_Activity_
Keep the pictures out and restate every record exactly.

START Given entries

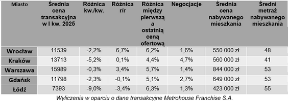 - W każdym z pięciu miast klienci kupowali lokale tańsze niż w ostatnim kwartale 2024 roku – mówi Marcin Jańczuk, ekspert Metrohouse. - Najbardziej stabilna sytuacja jest w Warszawie, gdzie średnia cena mkw. mieszkań nie przekracza 16 tys. zł. To wartość zbliżona do tej z ostatniego notowania – zaznacza.
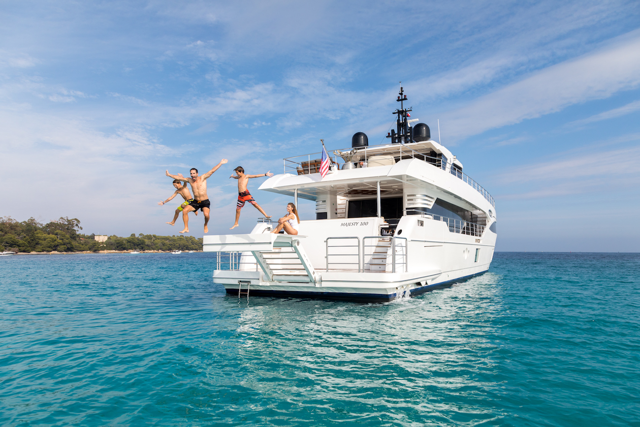 Majesty 100 Yacht MIA Jumping Into Water
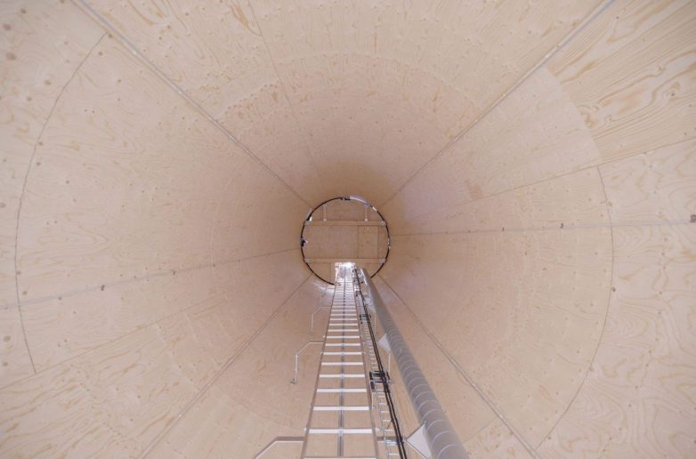Ovu vetroturbinu nosi 105 metara visok drveni stub
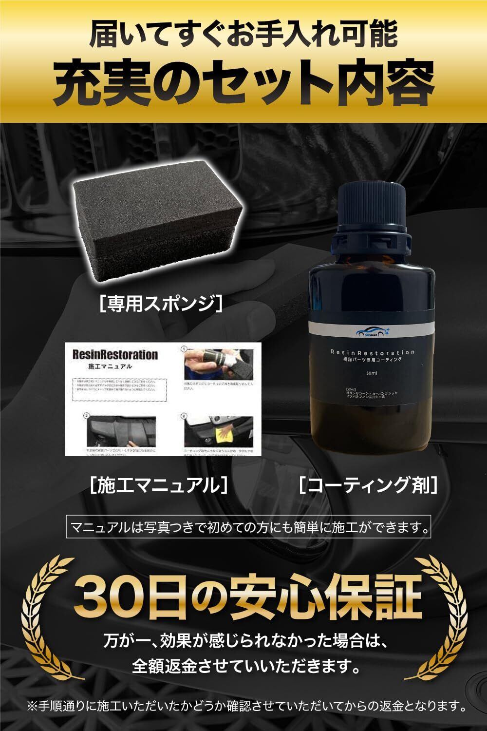 ✅今までになかった復元(黒く美しくする)+保護成分(劣化防ぐ)も配合。本製品はムラになりにくく、初めての方でも使用しやすいのが特徴。プロが実際に施工している写真がマニュアルに載っているので初めての方でも質の高い施工が可能。樹脂パーツコーティング剤は国内で研究開発を重ね製造工程も全て国内で行っております。
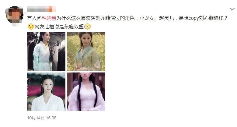 不仅如此,她先是扮演小龙女,再扮演赵灵儿,也被网友批评是在东施效颦,模仿刘亦菲。
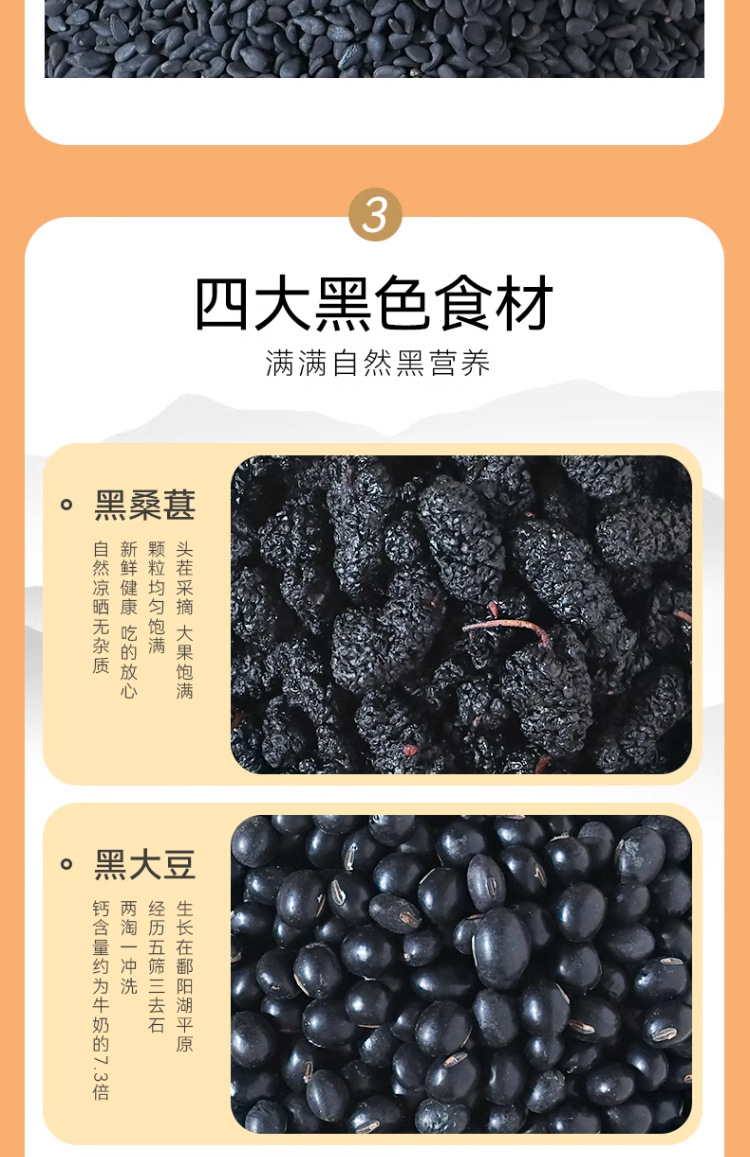 原材料と成分 黒ごま、黒豆、黒米、桑の実、黒キヌア、オーツ麦、氷砂糖粉末、くるみ粒、食用ブドウ糖
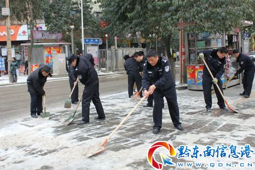 新年伊始,萬象更新!當人們還沉浸在歡快的元旦假期之際,1月4日,2013的第一場雪悄然來臨,尤如仙女扇花飄落大地,傾刻間,秀美的山川披上了一件銀色的外衣,使昔日青山綠水的山城凱里白愷愷一片,銀裝素裹,持續低溫導致地面結冰,成為一道道亮麗的美景線,風雪中,行人在冰景中蹣跚行進,汽車在薄冰中緩行。危難之時,凱里公安全警投入、全員參與投入到抗冰保暢一線。【風雪中,我為你護航——凱里公安首戰2013的第一場雪】
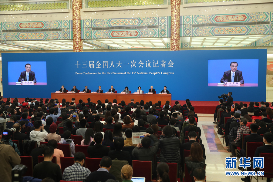 3月20日上午,十三屆全國人大一次會議閉幕后,國務院總理李克強在人民大會堂三樓金色大廳會見采訪十三屆全國人大一次會議的中外記者并回答記者提出的問題。圖為記者會現(xiàn)場。 新華網(wǎng)/中國政府網(wǎng) 翟子赫 攝
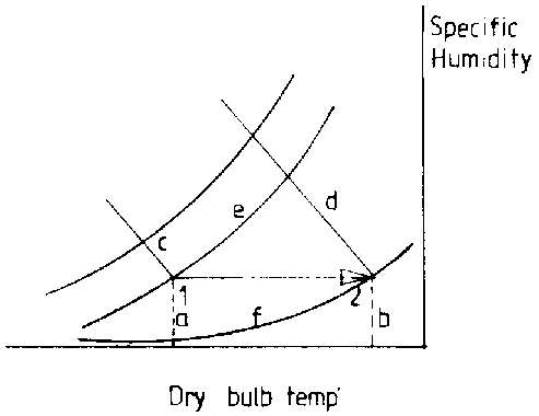 Point 2 has a higher temperature and specific humidity than 1. The heat added from a to b shows as sensible heat that caused a temperature rise from c to d end latent heat in the moisture that evaporated from e to f The relative humidity may or may not change.
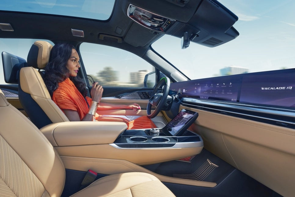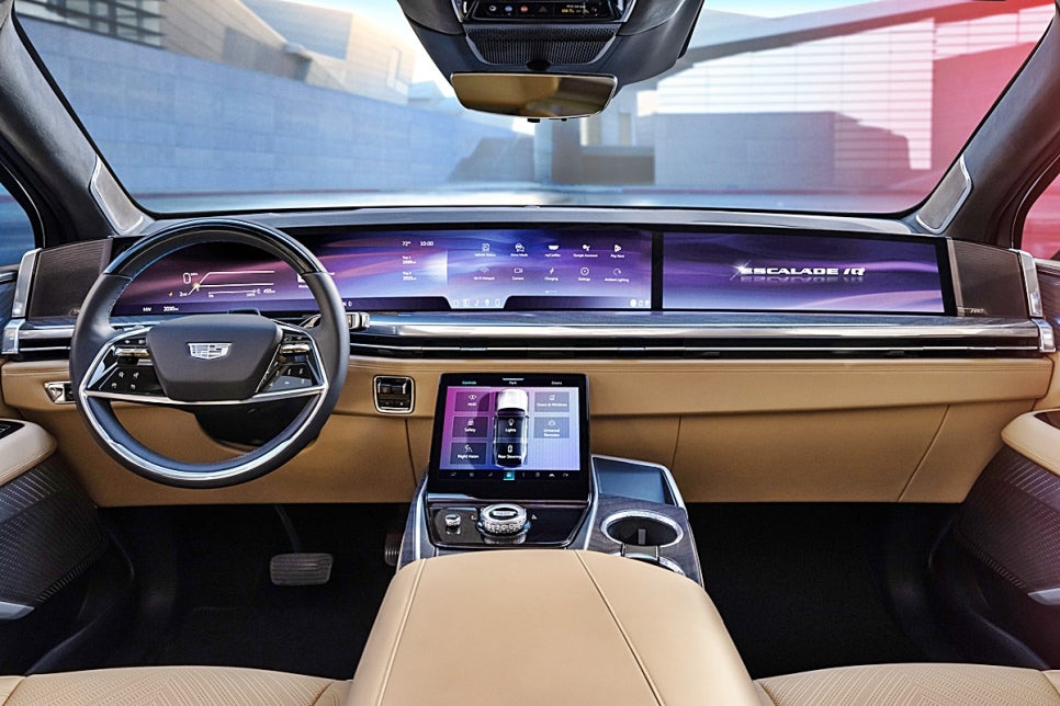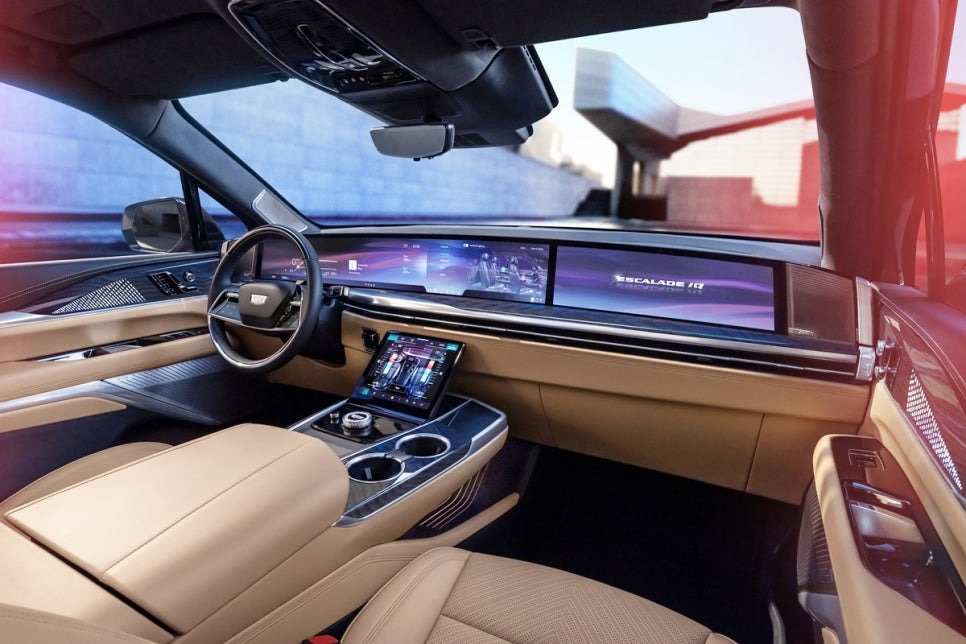 캐딜락 에스컬레이드 IQ는 브랜드 최초의 풀사이즈 전기 SUV로, GMC 허머 EV보다도 큰 차체를 자랑하는데요, 모델명은 에스컬레이드와 동일하지만, 실제로는 GM의 전기차 전용 플랫폼인 '얼티엄 플랫폼'을 기반으로 하여 전기차에 최적화된 설계를 채택했습니다. 역대 가장 큰 전기차로 꼽힐 만큼 실내 공간이 넓으며, 럭셔리 모델답게 첨단 기술과 고급 소재가 조화를 이루며 웅장한 디자인을 제공합니다. 에스컬레이드 IQ의 실내를 살펴보면 세심한 디테일이 돋보이는 것을 확인할 수 있죠.
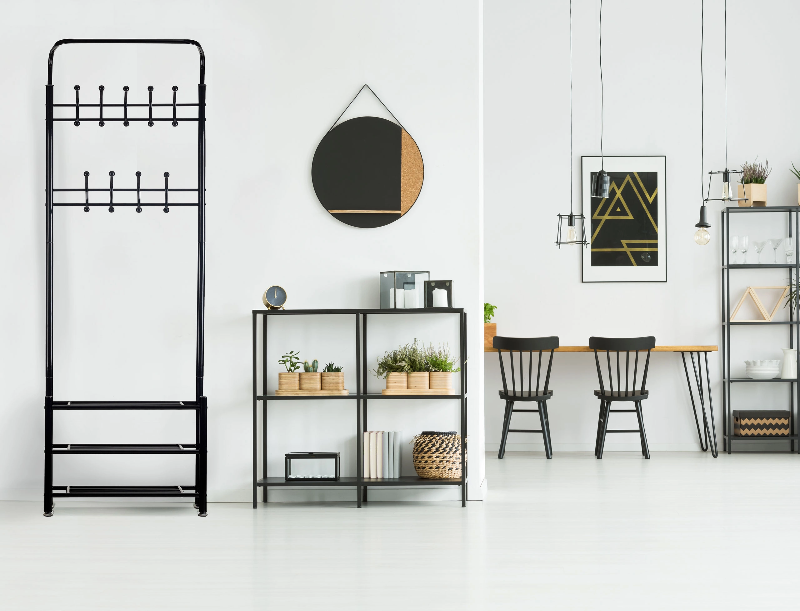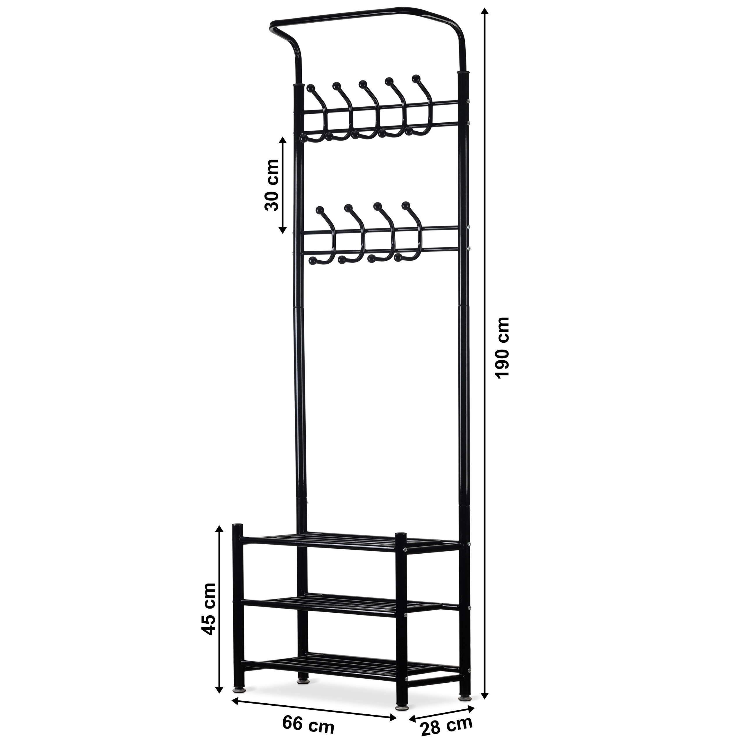 Siūlo 18 kabliukų ir 3 lentynas efektyviai drabužių ir avalynės organizacijai.

END Given entries

_Output_
 - W każdym z pięciu miast klienci kupowali lokale tańsze niż w ostatnim kwartale 2024 roku – mówi Marcin Jańczuk, ekspert Metrohouse. - Najbardziej stabilna sytuacja jest w Warszawie, gdzie średnia cena mkw. mieszkań nie przekracza 16 tys. zł. To wartość zbliżona do tej z ostatniego notowania – zaznacza.
 Majesty 100 Yacht MIA Jumping Into Water
Ovu vetroturbinu nosi 105 metara visok drveni stub
 ✅今までになかった復元(黒く美しくする)+保護成分(劣化防ぐ)も配合。本製品はムラになりにくく、初めての方でも使用しやすいのが特徴。プロが実際に施工している写真がマニュアルに載っているので初めての方でも質の高い施工が可能。樹脂パーツコーティング剤は国内で研究開発を重ね製造工程も全て国内で行っております。
 不仅如此,她先是扮演小龙女,再扮演赵灵儿,也被网友批评是在东施效颦,模仿刘亦菲。
 原材料と成分 黒ごま、黒豆、黒米、桑の実、黒キヌア、オーツ麦、氷砂糖粉末、くるみ粒、食用ブドウ糖
 新年伊始,萬象更新!當人們還沉浸在歡快的元旦假期之際,1月4日,2013的第一場雪悄然來臨,尤如仙女扇花飄落大地,傾刻間,秀美的山川披上了一件銀色的外衣,使昔日青山綠水的山城凱里白愷愷一片,銀裝素裹,持續低溫導致地面結冰,成為一道道亮麗的美景線,風雪中,行人在冰景中蹣跚行進,汽車在薄冰中緩行。危難之時,凱里公安全警投入、全員參與投入到抗冰保暢一線。【風雪中,我為你護航——凱里公安首戰2013的第一場雪】
 3月20日上午,十三屆全國人大一次會議閉幕后,國務院總理李克強在人民大會堂三樓金色大廳會見采訪十三屆全國人大一次會議的中外記者并回答記者提出的問題。圖為記者會現(xiàn)場。 新華網(wǎng)/中國政府網(wǎng) 翟子赫 攝
 Point 2 has a higher temperature and specific humidity than 1. The heat added from a to b shows as sensible heat that caused a temperature rise from c to d end latent heat in the moisture that evaporated from e to f The relative humidity may or may not change.
 캐딜락 에스컬레이드 IQ는 브랜드 최초의 풀사이즈 전기 SUV로, GMC 허머 EV보다도 큰 차체를 자랑하는데요, 모델명은 에스컬레이드와 동일하지만, 실제로는 GM의 전기차 전용 플랫폼인 '얼티엄 플랫폼'을 기반으로 하여 전기차에 최적화된 설계를 채택했습니다. 역대 가장 큰 전기차로 꼽힐 만큼 실내 공간이 넓으며, 럭셔리 모델답게 첨단 기술과 고급 소재가 조화를 이루며 웅장한 디자인을 제공합니다. 에스컬레이드 IQ의 실내를 살펴보면 세심한 디테일이 돋보이는 것을 확인할 수 있죠.
 Siūlo 18 kabliukų ir 3 lentynas efektyviai drabužių ir avalynės organizacijai.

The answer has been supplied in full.